Diffusion Imitation from Observation (DIFO) denotes a family of diffusion-based formulations for imitation from observation and learning from observation in which diffusion dynamics are used to transform observations, score or classify transitions, or generate actions and joint configurations from demonstrations. Recent papers use the term in materially different ways: as a transition-level discriminator for state-only imitation (Huang et al., 2024), as partial diffusion inversion for robust visual imitation learning (Hu et al., 2024), as end-to-end RGB-to-joint imitation of human poses (Spisak et al., 28 Jan 2025), and as one-shot human imitation through retargeted initialization of a pre-trained diffusion policy (Park et al., 25 Jun 2025). A related score-matching line diffuses states rather than actions or images and aligns expert and learner occupancies without expert actions (Wu et al., 2024). The resulting literature is unified less by a single canonical objective than by a shared use of diffusion trajectories as structured intermediate spaces for invariance, density modeling, or action refinement.

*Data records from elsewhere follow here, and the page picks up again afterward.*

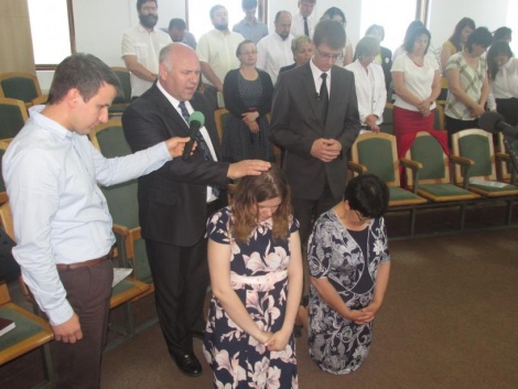 Az átöltözött új hívek a lelkipásztoruk társaságában bevonultak a gyülekezetbe, majd letérdelve a lelkipásztorok előtt azok a fejükre tett tenyérrel áldást mondtak rájuk, befogadva őket a gyülekezetbe.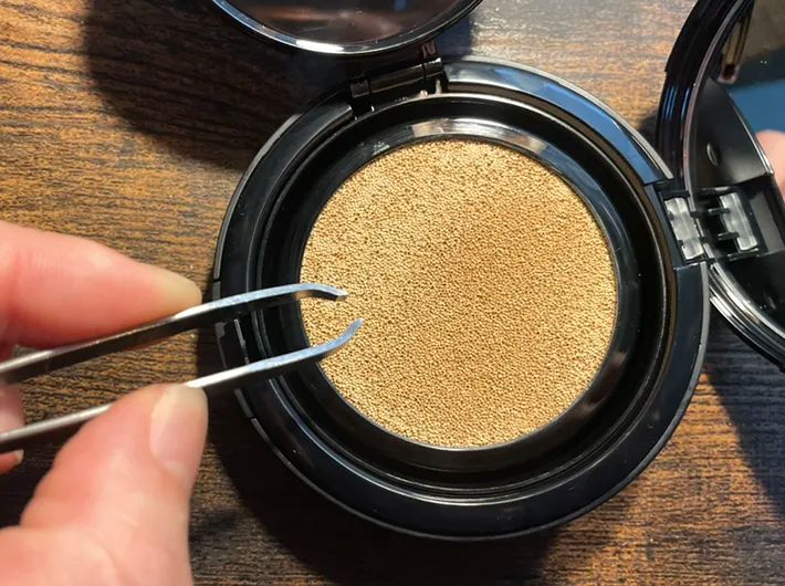 クッションファンデーションの特徴は、リキッドファンデーションが染み込んだスポンジ。
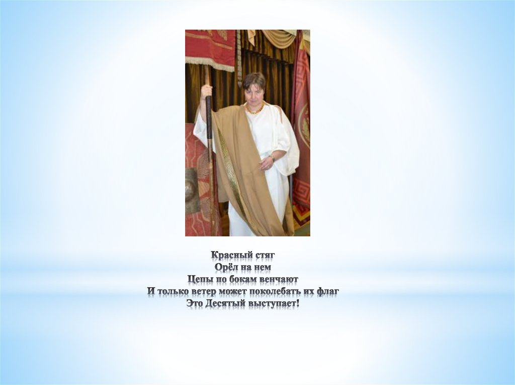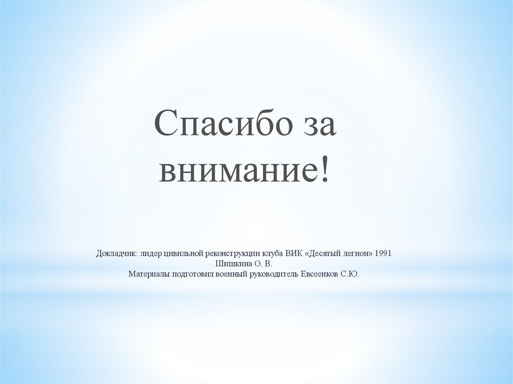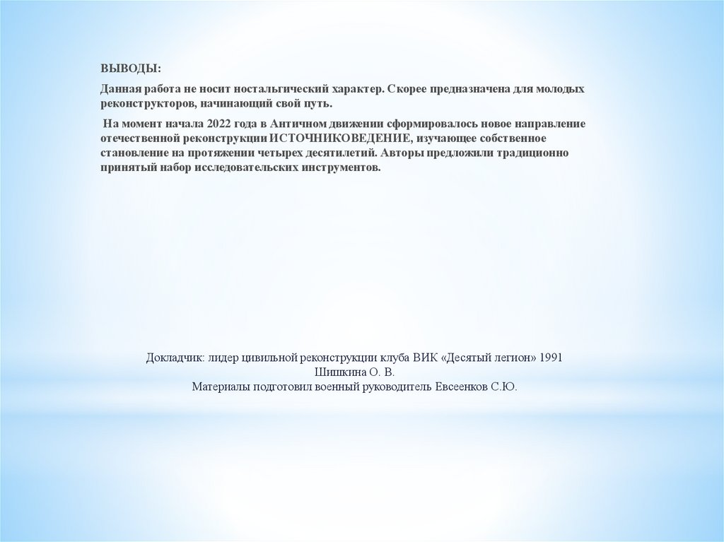 Докладчик: лидер цивильной реконструкции клуба ВИК «Десятый легион» 1991Шишкина О. В.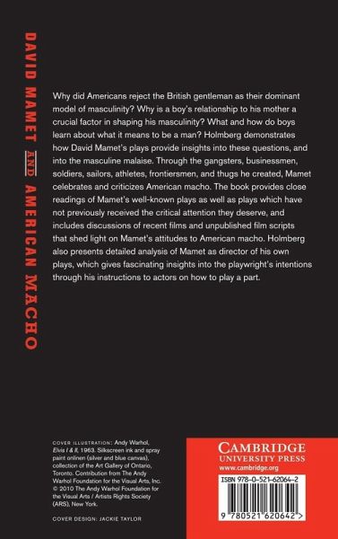 Why did Americans reject the British gentleman as their dominant model of masculinity? Why is a boy's relationship to his mother a crucial factor in shaping his masculinity? What and how do boys learn about what it means to be a man? Holmberg demonstrates how David Mamet's plays provide insights into these questions, and into the masculine malaise. Through the gangsters, businessmen, soldiers, sailors, athletes, frontiersmen and thugs he created, Mamet celebrates and criticizes American macho. The book provides close readings of Mamet's well-known plays as well as plays which have not previously received the critical attention they deserve, and includes discussions of recent films and unpublished film scripts that shed light on Mamet's attitudes to American macho. Holmberg also presents detailed analysis of Mamet as director of his own plays, which gives fascinating insights into the playwright's intentions through his instructions to actors on how to play a part.

1. Terminological scope and conceptual range

The phrase “Diffusion Imitation from Observation” is not yet standardized. In some works, “observation” means state-only demonstrations in a Markov decision process, with the objective of matching expert transition occupancies without access to expert actions (Huang et al., 2024). In others, “observation” means raw RGB input, and diffusion is used either to suppress nuisance appearance variation before behavior cloning (Hu et al., 2024) or to map a human image directly to robot joint values (Spisak et al., 28 Jan 2025). In yet another formulation, a human video is converted into a retargeted robot trajectory that is then projected onto the action manifold of a pre-trained diffusion policy (Park et al., 25 Jun 2025). The score-matching framework in “Diffusing States and Matching Scores: A New Framework for Imitation Learning” does not use the name DIFO explicitly, but it is presented as a clean instantiation of diffusion imitation from observation through state diffusion and score matching (Wu et al., 2024). This suggests that DIFO is best understood as a research program rather than a single algorithm.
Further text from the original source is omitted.